Renewing a Certificate

Typically, you renew a certificate when it nears expiration. You might also renew a certificate because the metadata needs to change, a certificate in the certificate chain suffers a security breach, or you have a new CA. You can even renew a certificate to roll back to a previous version.

Renewing a certificate creates another certificate version. A new certificate version has new certificate contents and a new validity period. The length of the new certificate version's validity period is derived from the validity period of the certificate that you specified when you created the certificate.

You can configure automated renewal for certificates that you both issued and manage by using the Certificates service. For imported certificates and certificates with a private key that you manage externally, you can't use the service to automatically renew the certificate, but you can update the certificate with new privacy enhanced mail (PEM) files. For more information, see Updating a Certificate PEM.


Older certificate versions aren't automatically deleted when you create new certificate versions. You might need to periodically delete certificate versions to avoid reaching service limits. If you reach service limits for certificates or certificate versions in a certificate, you can't create more certificate versions.
    1. Open the navigation menu and click Identity & Security.
    2. Under Certificates, click Certificates.
    3. From the list of certificates in the compartment, click the name of the certificate that you want to update.

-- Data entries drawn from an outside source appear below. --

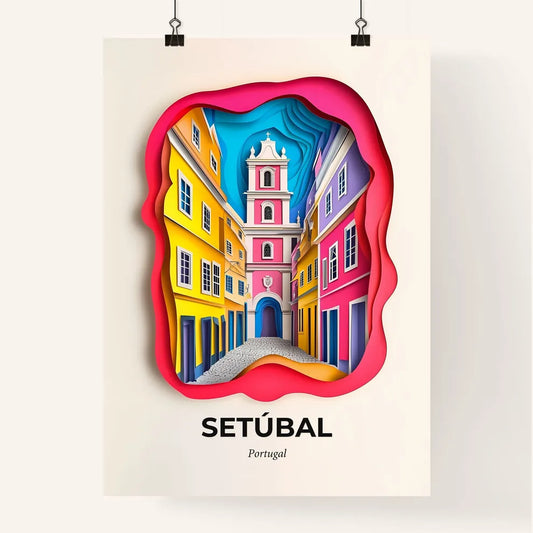 Vivid Setúbal, Portugal - a paper cut of a colorful city street
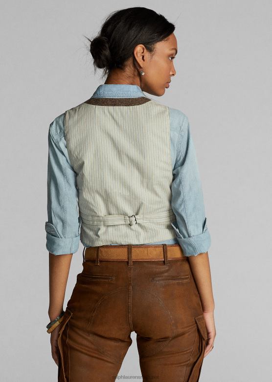 <п><п>уграђен прслук од вуне и памука. Тканине за предње плоче потичу из историјског енглеског млина. задња плоча је изрезана од пругастог памука јаспе подесивог закопчаног леђа. корозо дугмад.<п>п>
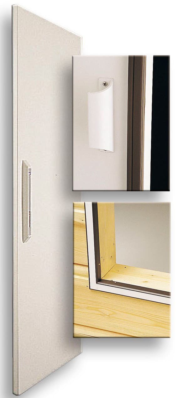 Denne døren er utenpåliggende og magnetlisten gir god tetning av døren.
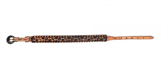Dark Oil Leather Dog Collar with Blue Southwest Nylon Overlay

      To find a certificate in a different compartment, under List scope, choose a different compartment.

    4. Under Versions, click Renew Certificate.
    5. Do one of the following:
      • If you want the certificate to be valid immediately and replace the existing certificate version as the current version, leave Not Valid Before blank.
      • If you want the new certificate version to become valid later, click Not Valid Before and specify the date.
    6. Click Not Valid After and specify the date after which the certificate is no longer valid. When a certificate expires, unless it's configured with automatic renewal to create another certificate version, it can no longer be used.
    7. (Optional) By default, renewing a certificate makes it the current certificate version. To create the certificate version without putting it directly into active use, select the Set to Pending check box.
    8. Click Renew Certificate.
  • Use the oci certs-mgmt certificate update-certificate-managed-internally command and required parameters to renew a certificate:

    oci certs-mgmt certificate update-certificate-managed-internally --certificate-id  --validity <version_validity_period_JSON>

    For example:

    oci certs-mgmt certificate update-certificate-managed-internally --certificate-id ocid1.certificate.oc1.<region>.<unique_ID> --validity file://path/to/validity.json

    For a complete list of flags and variable options for CLI commands, see the CLI Command Reference.

  • Run the UpdateCertificate operation to renew a certificate.